We decided that the Luja, a modern racing yacht by Sparkman & Stephens, is a suitable ﬁt. An image of Luja’s hull line plans are shown below.

Figure 1: Line Plans of the Luja

3 The hull is long, narrow, and has ﬂatter curvature below the waterline. This hull design is notably older than the other hulls we initially looked at (The Luja debuted in 1929 while the the Comanche was debuted in 2015). Older racing yacht hulls are better for our needs because they are typically much wider than more modern models. Although this wider shape makes them slower, it increases their length to displacement ratio, giving us a higher displacement when scaled down. With a one meter waterline length, the Luja has a displacement of six kilograms.

2.2 Designing with our Hull Shape

We scaled the Luja by its waterline length instead of its overall length to maximize our mass budget. We then removed most of the hull’s volume above the waterline. We did this because we are only concerned with the hull’s curvature below the waterline. Volume above the waterline is a source of air drag and has no inﬂuence on the hull’s hydrodynamic performance. In addition, because our sailboat is autonomous, is unnecessary because we do not need large clearance to protect passengers. We only use the portion of the hull between its lowest point and, after scaling, three-quarters of an inch above the waterline. The three-quarters of an inch above the waterline provides an ample safety factor for our hull’s performance during heeling.

This hull shape is the design foundation of our boat, from which all other aspects of the boat are designed around. The keel slides into a slot in the bottom surface of the hull, shown below.

Figure 2: Keel Block with End Plates to Support Keel, Cross Sectional View Shown in Lower Bubble

The keel support is located at the center of mass of the hull so the boat floats correctly. The slotted piece of aluminum is called the “keel block”. The segment of the keel which enters the hull fixes into the keel block. The keel is fixed by two bolts threaded vertically into the top of the keel. The access

4 points for the bolts are shown in Figure 2 by the two small holes in the top of the block. The keel is constrained with two end plates adhered at either end of the keel block.

The keel block is positioned in the hull by both the small slot in the hull, through which the keel enters, and the lower deck. The lower deck is shown below.

Figure 3: The lower deck and how it supports the keel block

The lower deck is the floor of the hull with a slot cut into it to secure the keel block. The lower deck’s main purpose is to provide support to the keel block and distribute the stress from the large torque of the keel throughout the hull. The lower deck is flush with the top of the keel block to maximize this support. The lower deck is held along the inner surface of the hull with fiberglass and an epoxy- colloidal silica mixture. Colloidal silica is fiberglass ground into a fine powder and is typically used to either provide additional structural strength to an epoxy or polyester adhesive or a waterproof filler in marine environments.

5 An aluminum ring is bolted to the top of the keel block, shown below.

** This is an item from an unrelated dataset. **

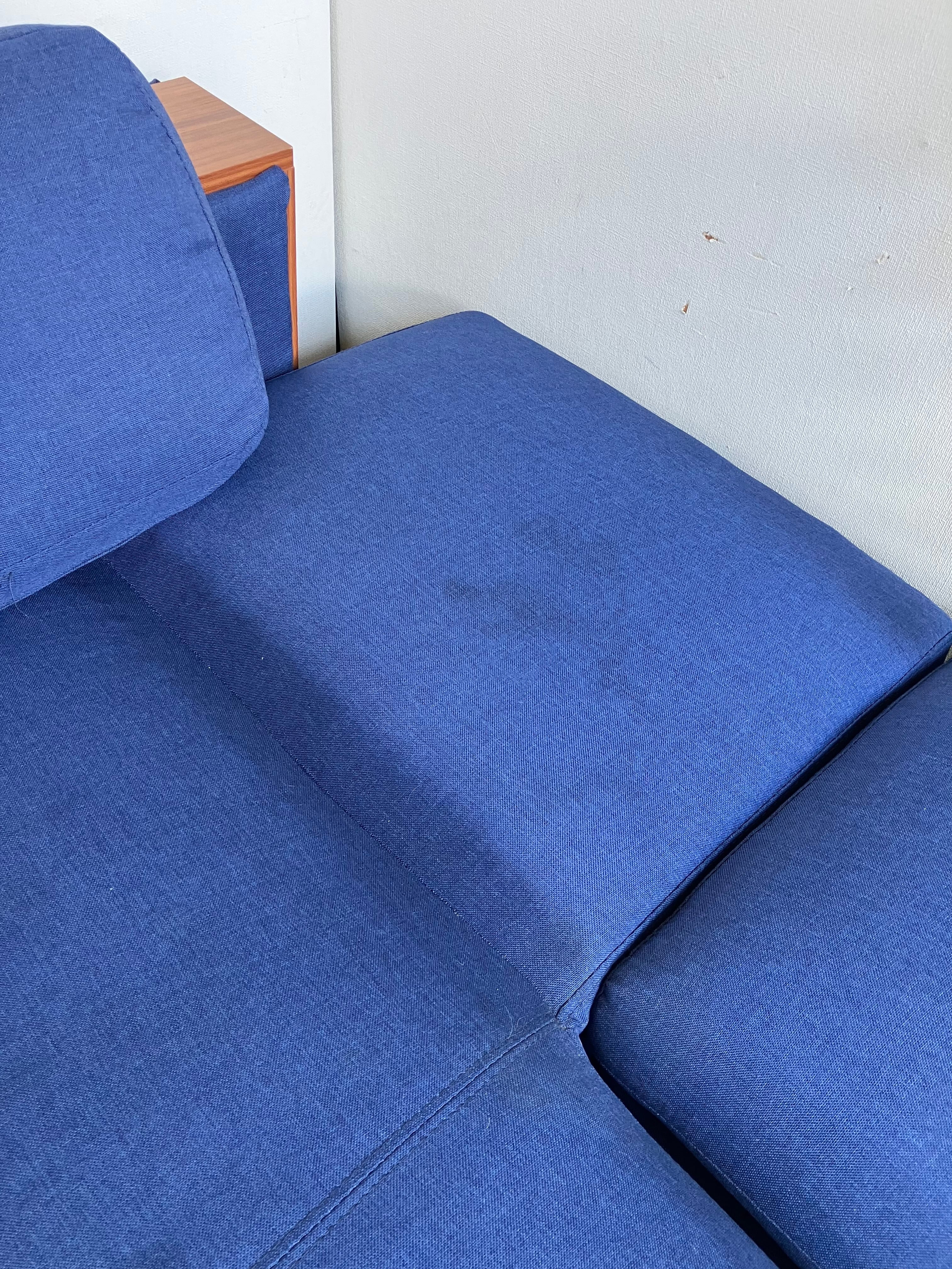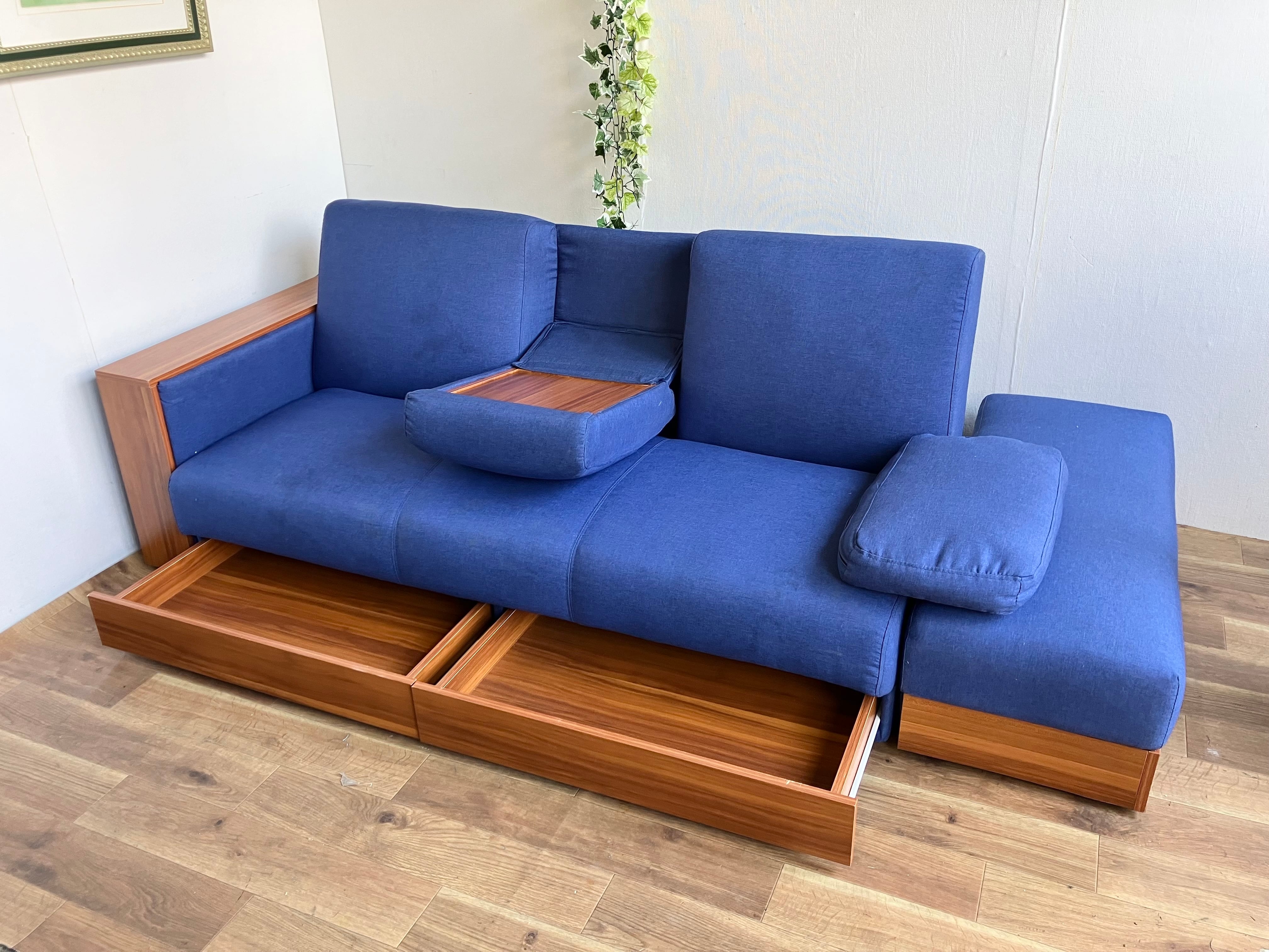 鮮やかなブルーがとても印象的な3人掛けソファです☆

Figure 4: Mast Supporting Ring Attached to the Keel

The center of the aluminum ring and the center of lift of the keel are vertically aligned. The aluminum ring serves two purposes: Locate and support the mast. The mast of our boat is vertically aligned with the sail’s center of pressure. By using the keel block’s ring to locate the mast, we align the center of pressure of the sail with the center of pressure of the keel. This alignment eliminates any unwanted yaw moments that our electrical systems would be constantly ﬁghting to stay on path. In addition, the ring provides a reaction torque braced by the lower deck. The ring’s support provides relief to the motor control system, which vertically aligns and supports the mast.

6 2.3 Mast Control Design

The mast control system is shown in Figure 5, below:

Figure 5: The mast control servo is the black block on the left of the image (A), and the mast (B) is the long vertical piece on the right side of the image, linked to the servo by a chain and sprocket system (C).

The mast control servo (a HiTec HS-785HB Servo) rotates a sprocket that drives a chain. The chain connects the servo sprocket to a second sprocket on the mast. To contain the mast control system, we designed a housing made of multiple pieces. Two hatches ﬁt into the top and bottom of the mast control housing. Four holes at the corners of the hatches align with the four bolts at the corners of the sail control housing, shown in Figure 6, below:

Figure 6: Mast control housing

7 We insert the hatches of the mast control assembly into the boat as shown in Figure 7, below.

Figure 7: Inserting hatches into the mast control housing (A is the upper hatch, B is the lower hatch)

We use the bolts shown in Figure 5, to align the hatches. We place an O-ring under the lip of the lower hatch (B in Figure 7) for waterprooﬁng. The upper hatch (A in Figure 7) is a clear 0.25” acrylic sheet. We can visually inspect the mast control system through the acrylic upper hatch without disassembling the mast control housing.

The mast extends through both hatches, as shown in Figure 8,below.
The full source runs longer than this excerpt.